I’ve run my business very successfully for the past 12 years, and I’ve sold about 20-25 thousand copies of my own book all over the world. I have never spent a single penny on advertising or with a publisher, and I doubt I ever will. My business model is very simple: write something that has value, write it well and sell it online. To start the ball rolling, send out comp copies to about 50 ‘sneezers’ (Malcolm Gladwell’s term for people who are in a position to influence lots of other opinions). Then let the quality of my work and WOM do the rest.

For all but the very biggest companies and biggest players, paid above-the-line advertising is more or less a complete waste of time and money. There are many much more effective ways to market a product and spread the word. Indeed, I would say paid advertising is a particularly pathetic and inefficient way of trying to do this.
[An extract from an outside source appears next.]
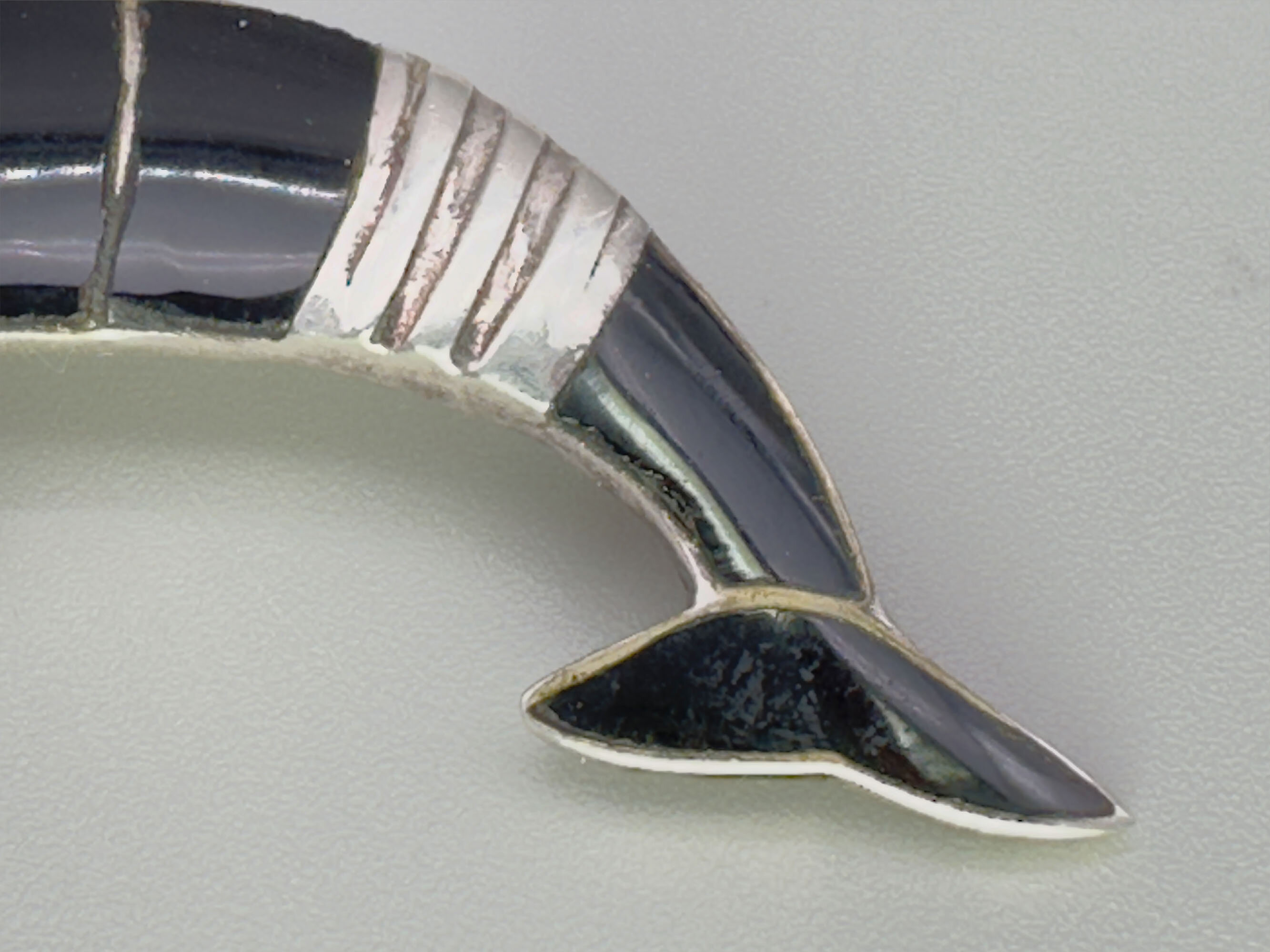 This is a strking brooch in a modernist design that depicts a jumping dolphin. It is silver set with onyx or agate stones. It is hallmarked London 1991 with a makers mark that is three circles.| Size: | 61.8 x 32.4 mm |

If you want to be the next Lady Gaga, yeah, you probably do need a record company. If you want to be the next Radiohead, it’s not at all necessary any more. Just make an album as amazing as OK Computer and people will find you.

I agree that the music industry is mid-revolution; I’m not sure they’re going to go away, though. I listen to and buy lots of current music; my sources are Dave Letterman, Craig Ferguson, and Dopers. Major labels and their advertising have almost no effect on me; I don’t listen to radio at all because of the commercials and the constant repetition, and when I occasionally check out a Top 10 show on tv, it’s the worst, most boring crap available, over and over again.

Sometimes. Unfortunately, 99.99999% of all independent artists, no matter how amazing they are, go completely ignored.

The odd thing to me is that even though the Internet totally changes the channels of distribution, popular music seems to be becoming even more generic than before. The most popular songs are simple repetitions of one or two lines backed by a drum machine. Teenagers, who have always been the primary consumers of new music, seem to value shared experiences more than satisfying their personal tastes.

It’s not that any of these trends are new, just that the new world order that I thought would work against them actually seems to be reinforcing them.

Not necessarily. I can’t even think about how many albums from various artists that I’ve seen unavailable on various music-for-purchase sites for no apparent reason other than licensing issues - if all but one album, from a different company, is up for purchase then that seems pretty likely. New artists may not want to risk tying up their work with various distribution limitations.

The ‘suits’ deal with a bunch of stuff that I don’t want to deal with. (Mechanical Rights, synchronization rights, getting scores from the publishers - it is a very different business for someone who writes and performs all his own music himself. When your living is based on performing other people’s music, it doesn’t work out as easily…) It’s not whether I need them or not, it’s a question of whether they provide a service that is worth a slice of what I make as an artist. Every artists’ mileage is going to vary on that one.

I’ll put it this way - when we were renovating our house, we had budgeted that we would do our own painting. When it became necessary to prime and paint 3 floors worth ASAP, I didn’t have the time to do it all and so, we hired someone in. I was a little grumpy about it for about 2 days, and then it sunk in - his work was neater than mine, he was faster than I was and I now had enough time to learn the shows I was working on.

So, yes, I could do all the work the ‘suits’ do myself - except that they do it better, quicker and more efficiently, and I can spend my time working on my music. What’s that worth to me? 10% of the profits? 5%? 15%? 50%? Well, that’s up to me to decide.

We’ll have to agree to disagree, successful (music) acts require PR companies and all the other apparatus. You won’t find a household name, music-wise, that isn’t on a major label or somehow otherwise affiliated with same. I’m not saying that artists can’t survive without the help of major labels, PR etc. just that successful acts in the sense of people other than fanatics having heard of them, rely on all of the above mentioned channels plus word of mouth to succeed.